Excerpted data
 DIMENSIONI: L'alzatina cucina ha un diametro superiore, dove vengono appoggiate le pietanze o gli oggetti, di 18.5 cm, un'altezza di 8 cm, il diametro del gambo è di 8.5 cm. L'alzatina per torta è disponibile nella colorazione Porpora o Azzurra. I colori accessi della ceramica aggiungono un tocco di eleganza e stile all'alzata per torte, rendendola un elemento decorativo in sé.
==
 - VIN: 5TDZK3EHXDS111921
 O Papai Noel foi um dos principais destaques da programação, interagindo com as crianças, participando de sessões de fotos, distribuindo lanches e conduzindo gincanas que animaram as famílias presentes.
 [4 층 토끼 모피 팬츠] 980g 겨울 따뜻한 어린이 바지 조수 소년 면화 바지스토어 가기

What is required
Would you quote everything above from the line containing "O Papai Noel" down to the line containing "[4 층 토끼 모피 팬츠]"? Include both of those lines and nothing else.

Your solution
 O Papai Noel foi um dos principais destaques da programação, interagindo com as crianças, participando de sessões de fotos, distribuindo lanches e conduzindo gincanas que animaram as famílias presentes.
 [4 층 토끼 모피 팬츠] 980g 겨울 따뜻한 어린이 바지 조수 소년 면화 바지스토어 가기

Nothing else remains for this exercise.